[Provided information]

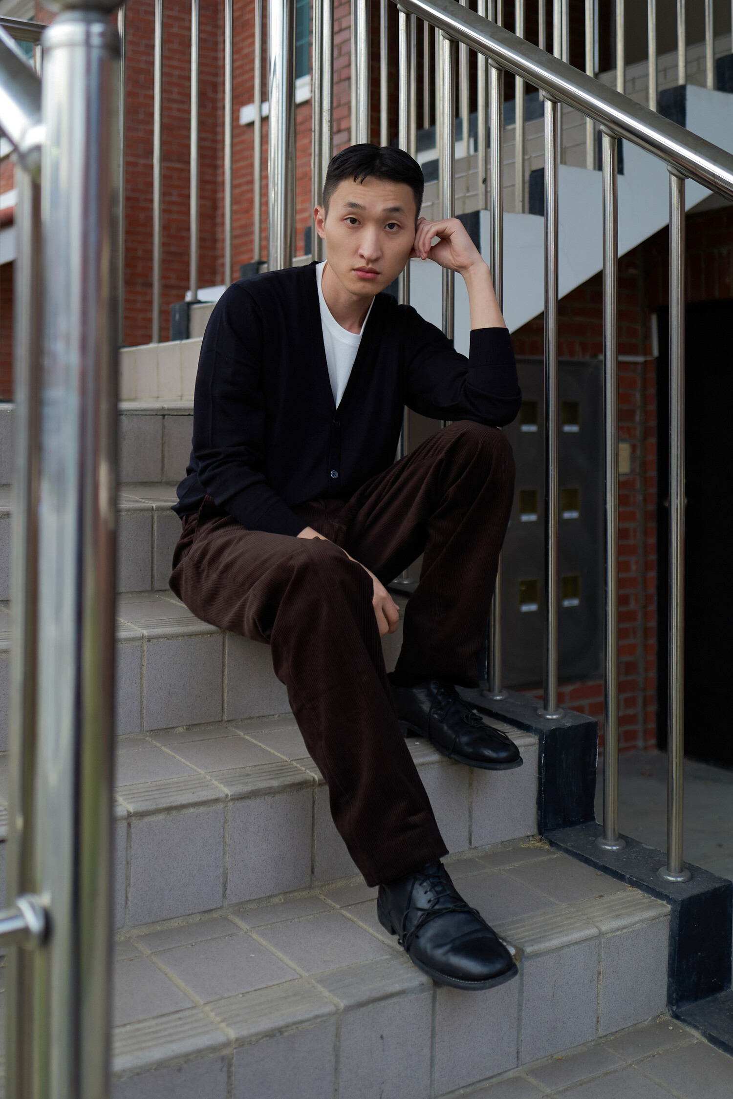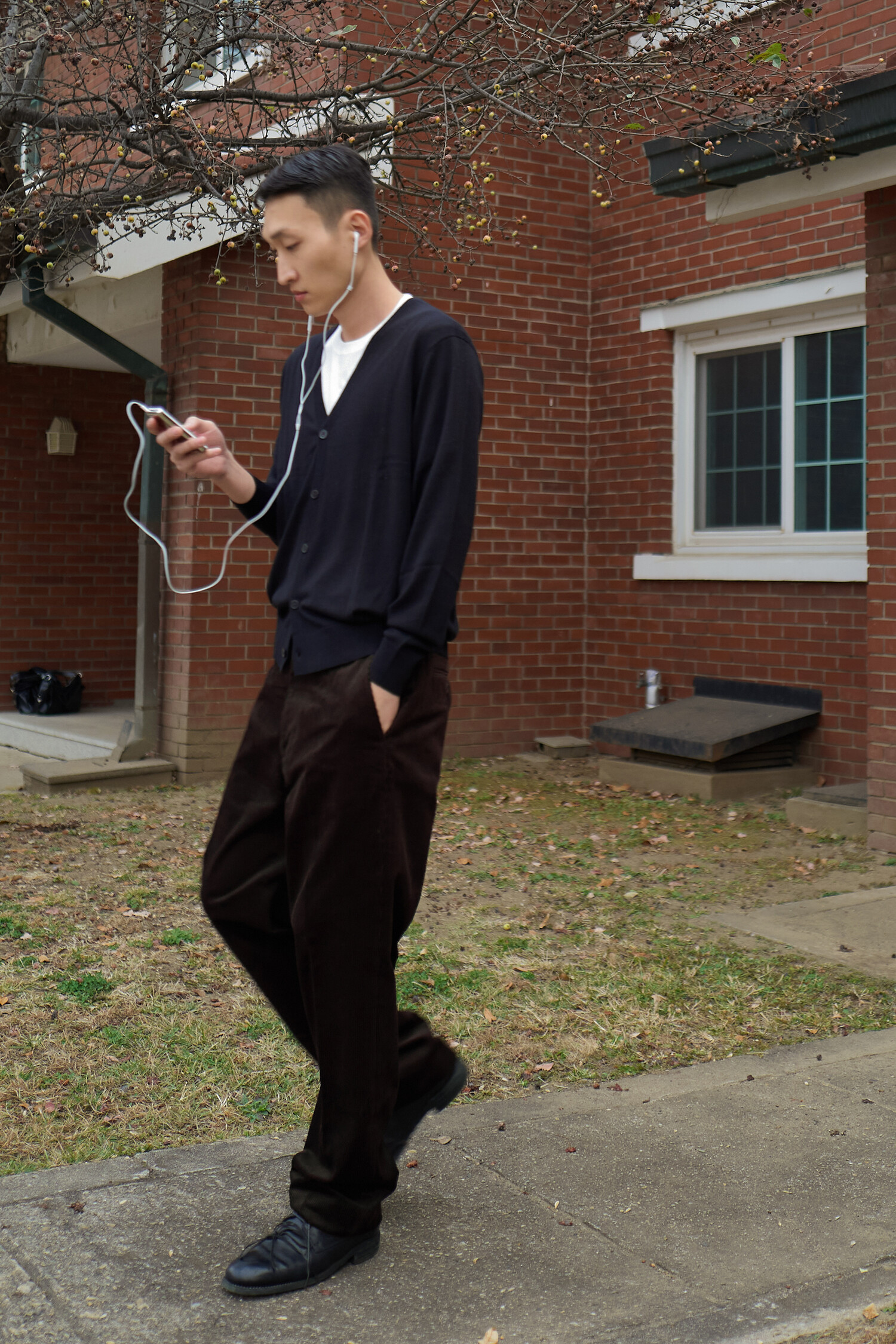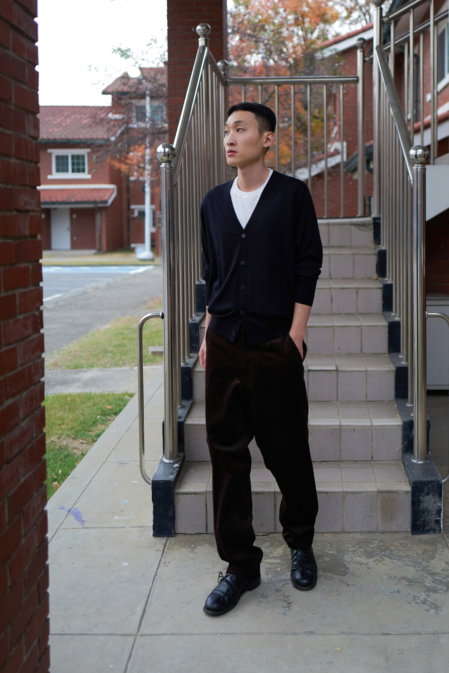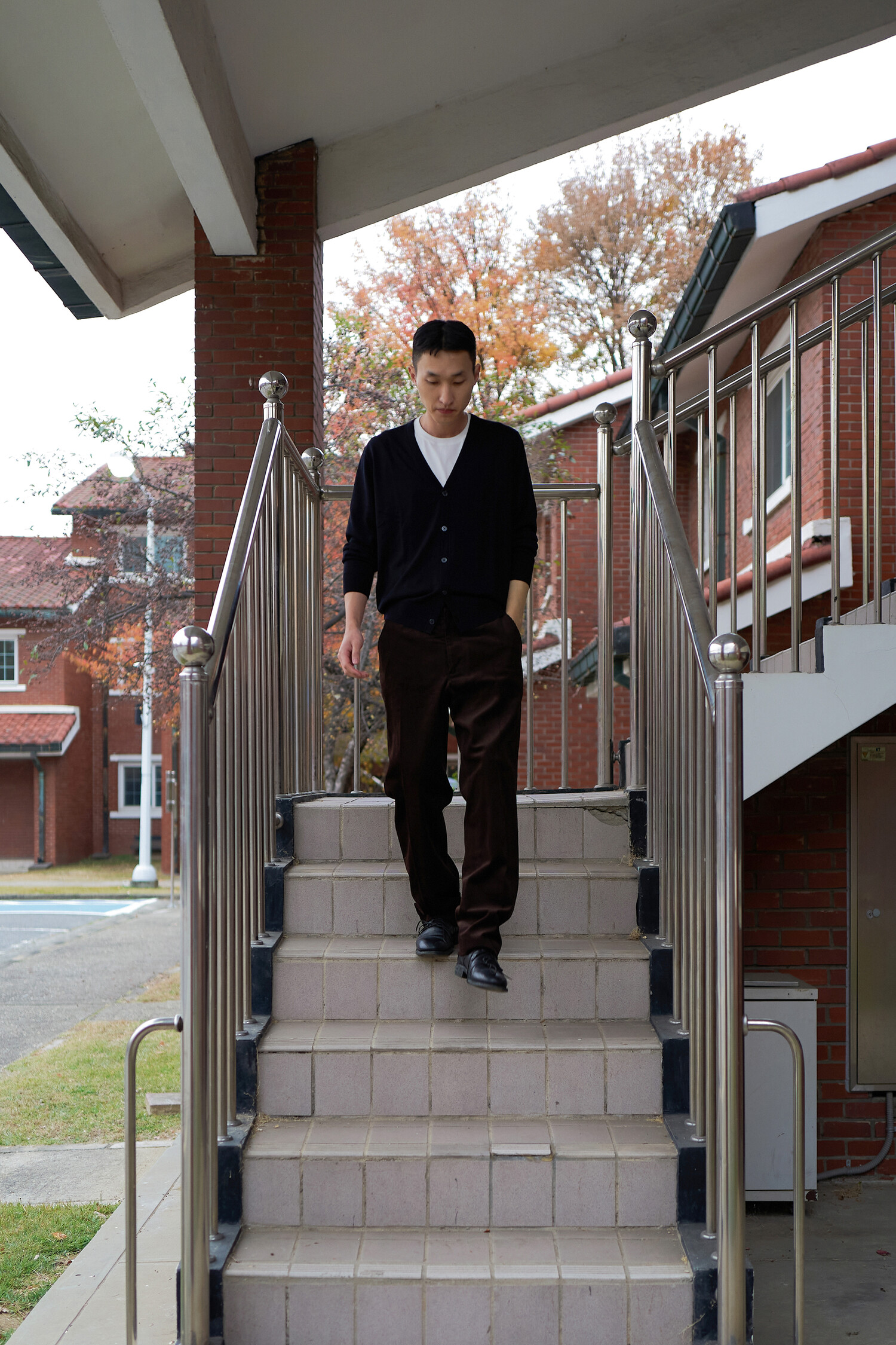 허벅지는 와이드하게 여유롭고 아래로 내려올수록 좁아지는 실루엣의 팬츠입니다. 과하지 않은 볼륨감이 흐르는 제품입니다. 다소 긴 기장감의 제품을 그대로 신발 위로 떨어트려 주름을 만들어 자연스럽게 착용하는 것을 의도하고 제작되었습니다.
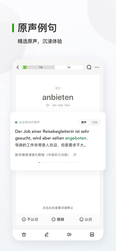 德语背单词是专为德语学习者设计的背单词软件。海量原声例句搭配艾宾浩斯记忆法,助你在了解单词真实语境的同时,科学高效的背单词。 【丰富词书】 涵盖当代大学德语、新求精德语等主流德语教材,专四、专八、德福、欧标等考试高频词汇,更有名人著作、动词变位等进阶课本供你挑选。你需要的德语词书,这里都有。 【...
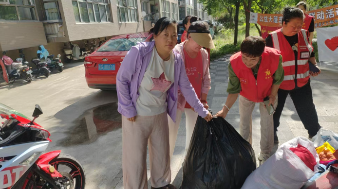 志愿者们抵达活动现场后,先把活动条幅挂起来,为了吸引更多居民参与活动,还把音响打开播放动听的音乐,随着音乐声居民们络绎不绝的走了过来。这时韩队长和志愿者们开始文艺汇演,唱红歌、扭秧歌,用艺术形式传递正能量,丰富社区居民的精神文化生活。不一会这里就堆满了居民们拿来的衣物、电器,有的居民特意回家翻出崭新未穿过的冬衣,有的则精心擦拭好旧电器确保正常能用,志愿者们认真登记、分类、打包、现场忙碌而有序。
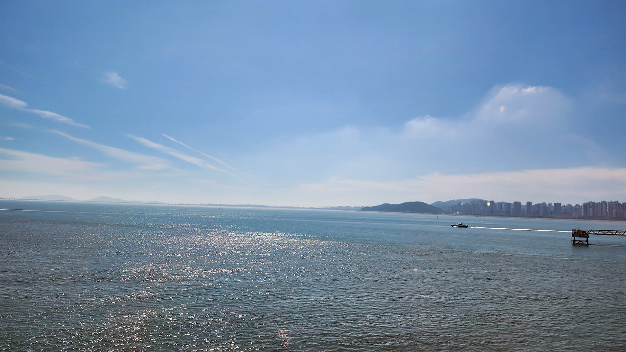 저 멀리 길이가 길기로 유명한 인천대교(약 22 킬로미터)도 흐릿하게 떠 있는 것이 보인다.
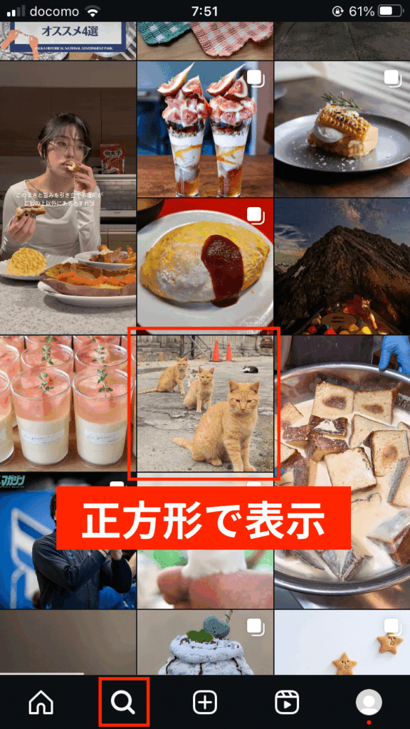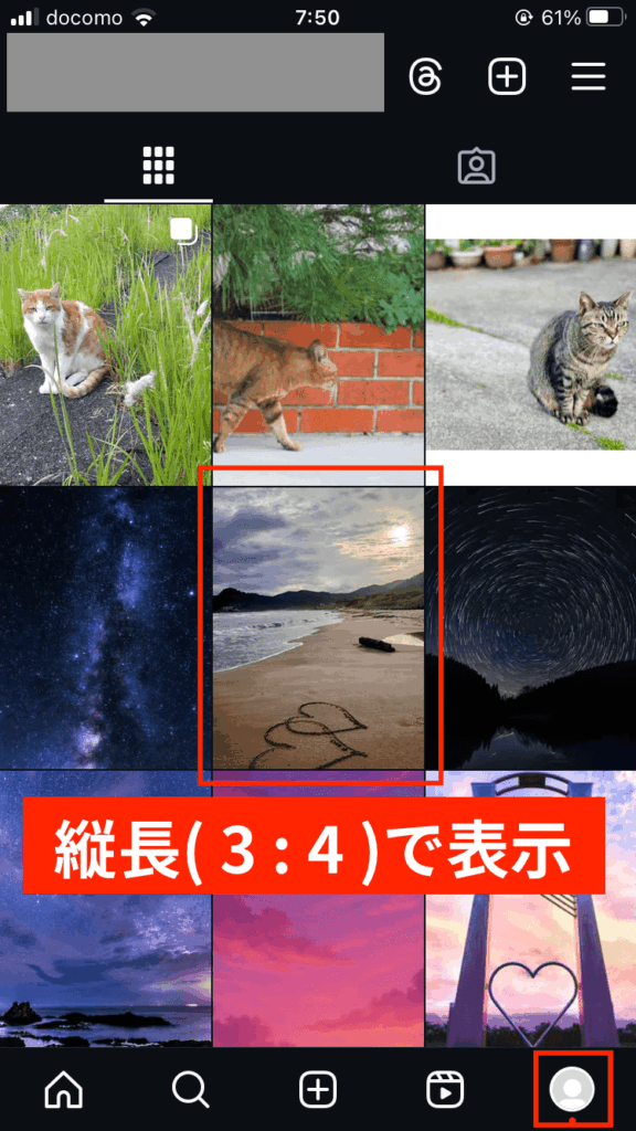 正方形でフィード投稿することもできますが、グリッド表示では縦長になるので注意してください。
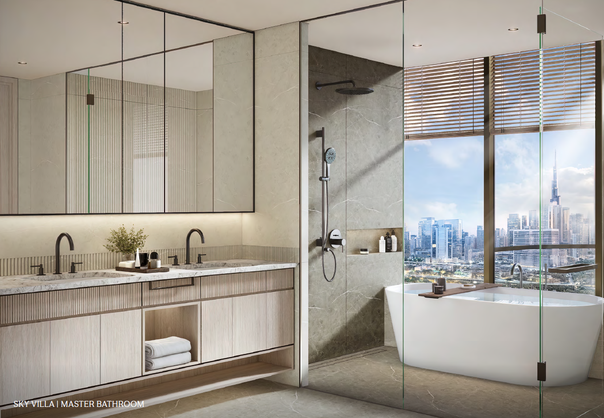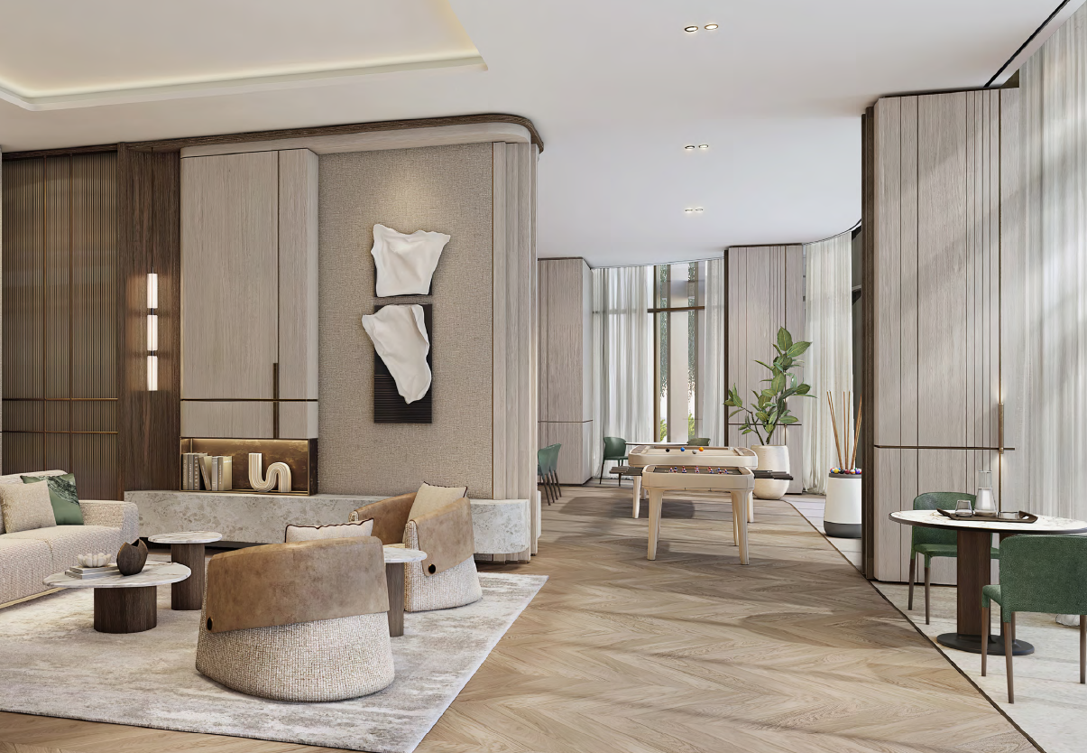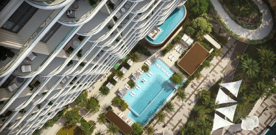 Die beeindruckende Einfahrt, umrahmt von atemberaubender Natur, bietet Ihnen einen grandiosen Empfang. Von dort gelangen Sie direkt zum Wasserufer, wo Sie unvergleichliche Ruhe und Entspannung genießen können. Der überwältigende Infinity-Pool mit Blick auf die Skyline lädt zum Schwimmen und Verweilen ein. Exklusive Pool-Suiten bieten Ihnen ein Höchstmaß an Privatsphäre und Luxus. Für die Kleinen gibt es einen separaten Kinderpool, während Sonnenbänke, Sitzecken und Cabanas zum Entspannen einladen. Gesellige Lounges bieten den idealen Rahmen für Zusammenkünfte mit Freunden und Familie.
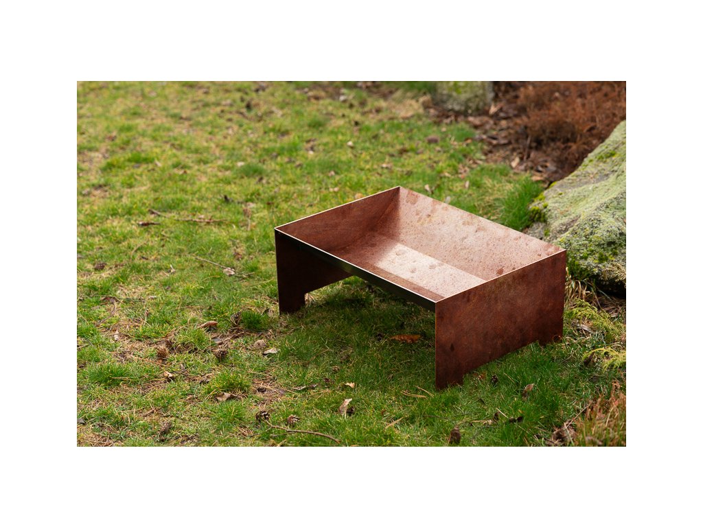 Konstrukci ohniště tvoří dno z jednoho kusu plechu a dvě rovné, robustní bočnice. Ty jsou pevně společně svařené, čímž vzniká kompaktní, stabilní a zároveň vizuálně čistá a elegantní forma, která ladí s jakýmkoliv exteriérem – od soukromých zahrad až po veřejné prostory. Bočnice navíc díky svému tvaru přispívají k omezení přenosu tepla směrem dolů.
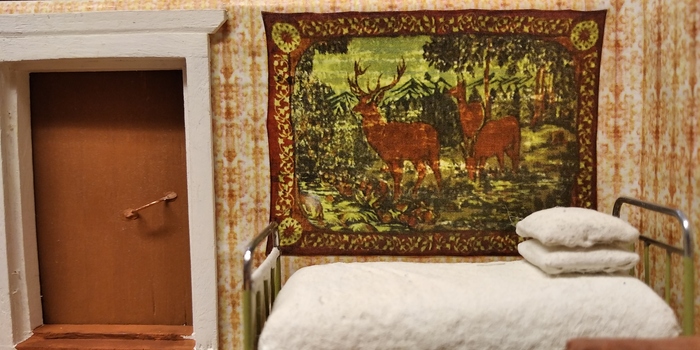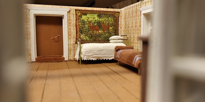 Кровать здесь уже другая по форме. Собирал тоже из скрепок на пайке. Только угловые стойки с набалдашниками сделал из четырех финишных гвоздей - "шляпка" у них нужной округлой формы, да и толщина подходящая. Увы, процесса сборки опять не заснял...

[To do]
Transcribe exactly each line of the records from the start up to and including the one with "志愿者们抵达活动现场后,先把", and leave out every picture.

[Exercise result]
 허벅지는 와이드하게 여유롭고 아래로 내려올수록 좁아지는 실루엣의 팬츠입니다. 과하지 않은 볼륨감이 흐르는 제품입니다. 다소 긴 기장감의 제품을 그대로 신발 위로 떨어트려 주름을 만들어 자연스럽게 착용하는 것을 의도하고 제작되었습니다.
 德语背单词是专为德语学习者设计的背单词软件。海量原声例句搭配艾宾浩斯记忆法,助你在了解单词真实语境的同时,科学高效的背单词。 【丰富词书】 涵盖当代大学德语、新求精德语等主流德语教材,专四、专八、德福、欧标等考试高频词汇,更有名人著作、动词变位等进阶课本供你挑选。你需要的德语词书,这里都有。 【...
 志愿者们抵达活动现场后,先把活动条幅挂起来,为了吸引更多居民参与活动,还把音响打开播放动听的音乐,随着音乐声居民们络绎不绝的走了过来。这时韩队长和志愿者们开始文艺汇演,唱红歌、扭秧歌,用艺术形式传递正能量,丰富社区居民的精神文化生活。不一会这里就堆满了居民们拿来的衣物、电器,有的居民特意回家翻出崭新未穿过的冬衣,有的则精心擦拭好旧电器确保正常能用,志愿者们认真登记、分类、打包、现场忙碌而有序。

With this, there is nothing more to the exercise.